There have been numerous reports describing excellent early results with autologous BMT or PBSCT for patients with low-grade lymphoma in an early or later phase of their disease.19-23 However, a continued pattern of relapse is generally seen with prolonged follow-up, consistent with our results of autologous BMT for chemotherapy-sensitive low-grade lymphoma. It might be possible for our patients as well as those reported in the literature that the higher relapse rate occurring after autologous BMT/PBSCT than after allogeneic BMT is due in part to the presence of malignant cells in the autologous transplants.

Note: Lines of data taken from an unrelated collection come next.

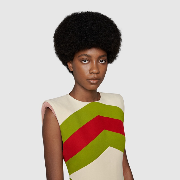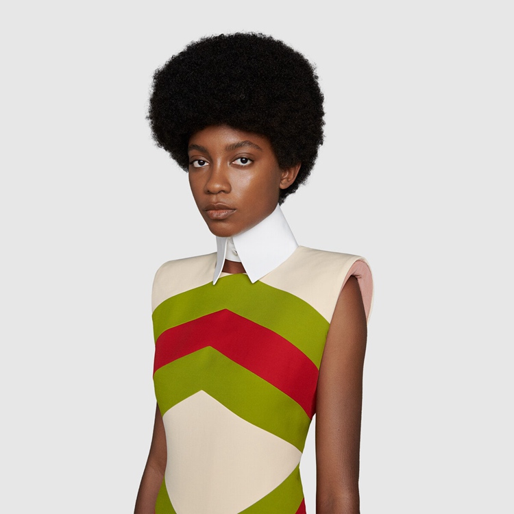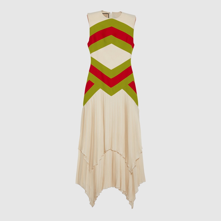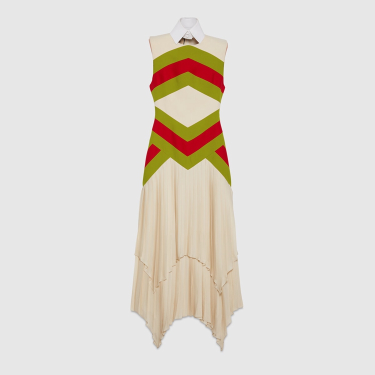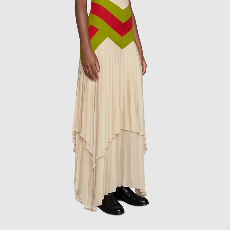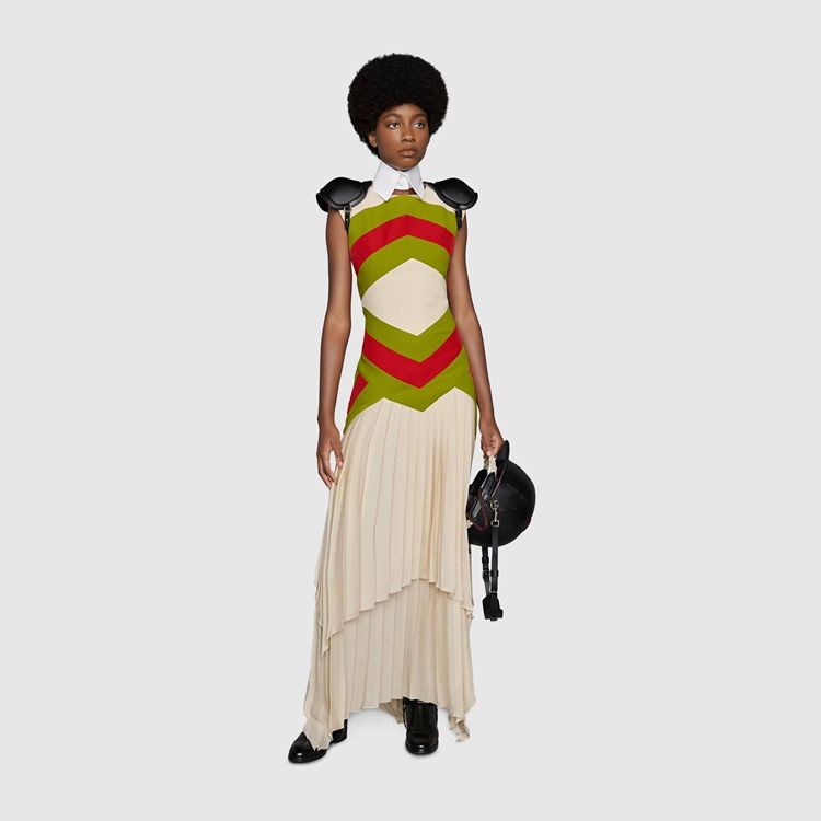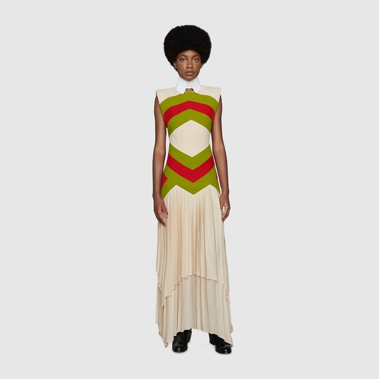 Style 669260 ZAH0J 9782Details taken from The archive continue to be incorporated into The collections With contemporary take. The chevron vintage Web appears on The front of This dress, Recalling The sportswear influences that run through The House’s narrative, while The pleated layers of The bottom Part add a refined touch. The style is completed by padded shoulders.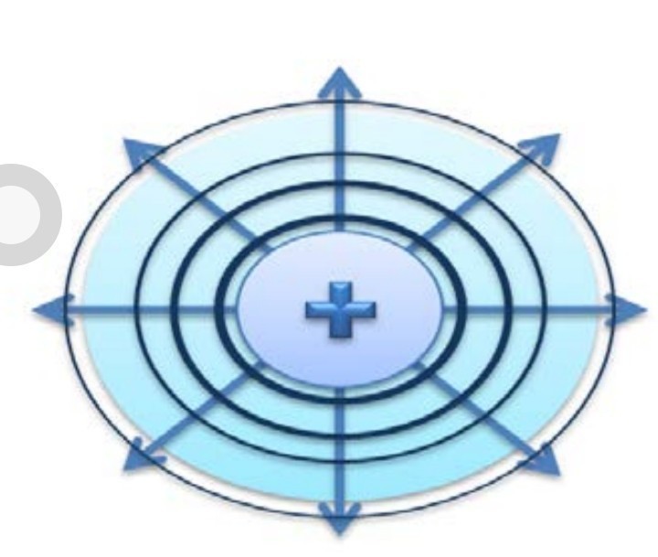 A) Электрическое поле заряда ослабевает по мере удаления от заряда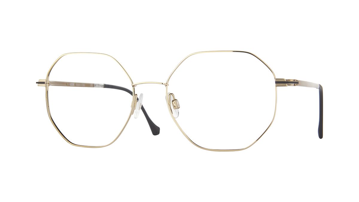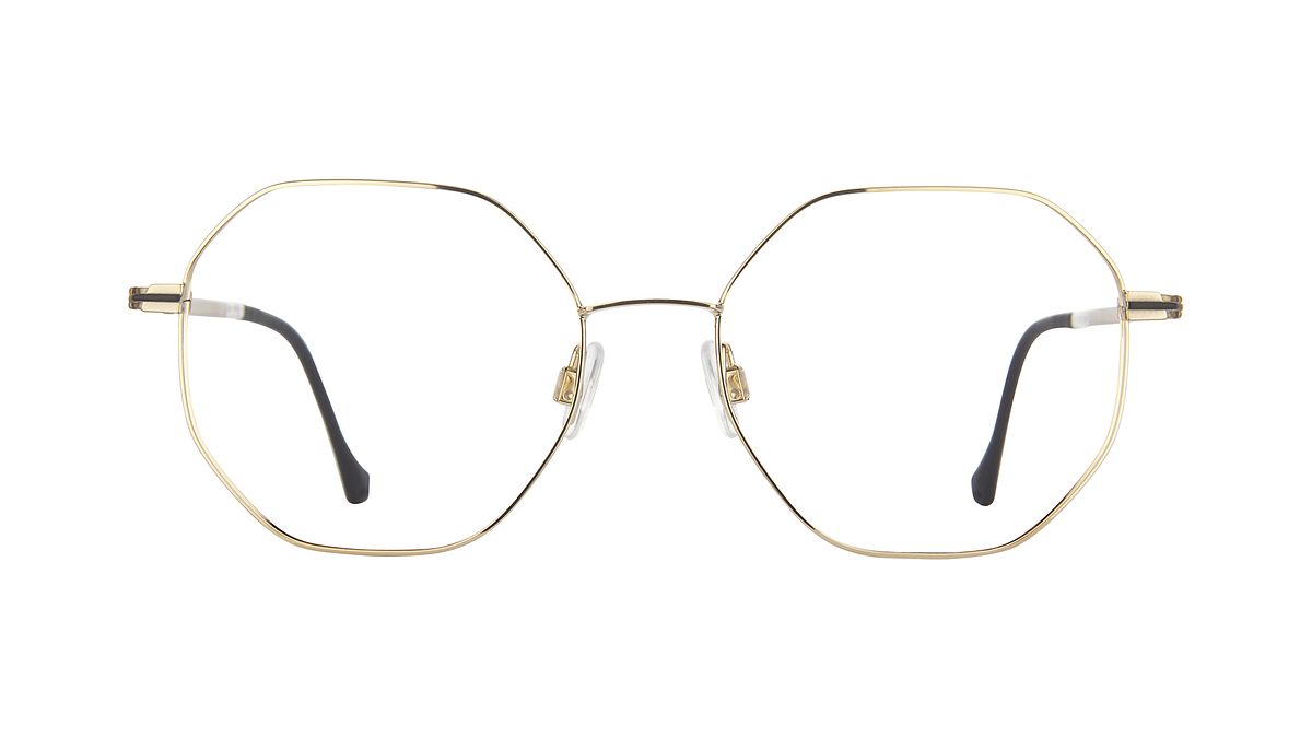 Colorazione M5 - Frontale oro chiaro lucido con dettaglio nero, esterno aste oro chiaro, interno cristallo lucido con terminali neri opachi.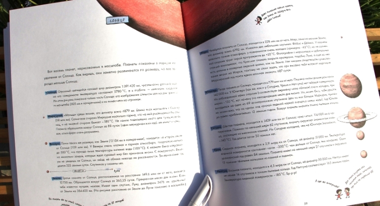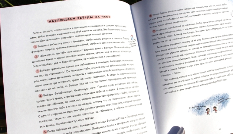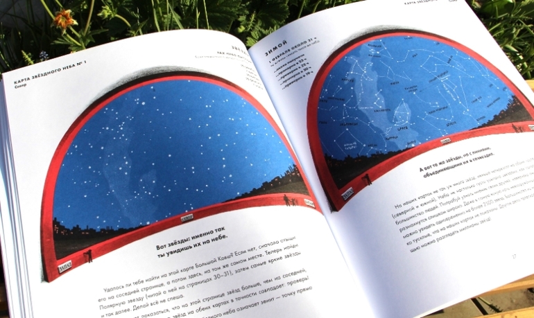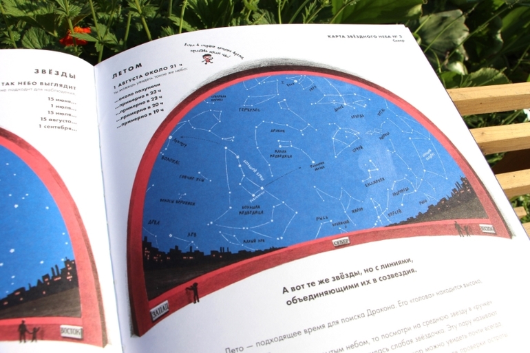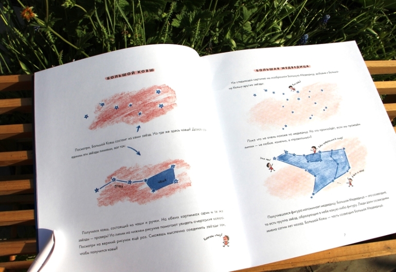 Книга интереснейшая! И не только про звезды. Помимо рисунков и описаний созвездий, звездных карт на каждое время года, она содержит еще кучу информации для общего развития. Очень интересно про измерение расстояния в световых годах и вообще про расстояние в космосе, как отличить на ночном небе планеты и звезды, про размеры планет, некоторые легенды, про зодиакальные созвездия. Тот факт, что карта звездного неба постоянно разная, никак не укладывается в детской голове.

It is clear that treatment-related mortality differs between autologous BMT/PBSCT and allogeneic BMT and one can assume that T-cell–depleted allogeneic BMT has a 10% to 15% higher mortality rate10,24-26 than autologous BMT/PBSCT.21-23 27 Nevertheless, the much higher rate of relapse or disease progression occurring after autologous BMT eventually will turn the scale in favor of allogeneic BMT for patients with low-grade lymphoma. However, it is important to note that allogeneic BMT is applicable only to a minority of patients with low-grade lymphoma because of the fact that most of the patients are diagnosed when they are more than 60 years of age and the shortage of HLA-compatible donors for many of the younger patients.

We conclude from this study that allogeneic BMT is preferable to autologous BMT in younger patients with poor-risk low-grade lymphoma. Furthermore, the large difference in relapse or disease progression between autologous and allogeneic BMT indicates the existence of a graft-versus-indolent lymphoma effect.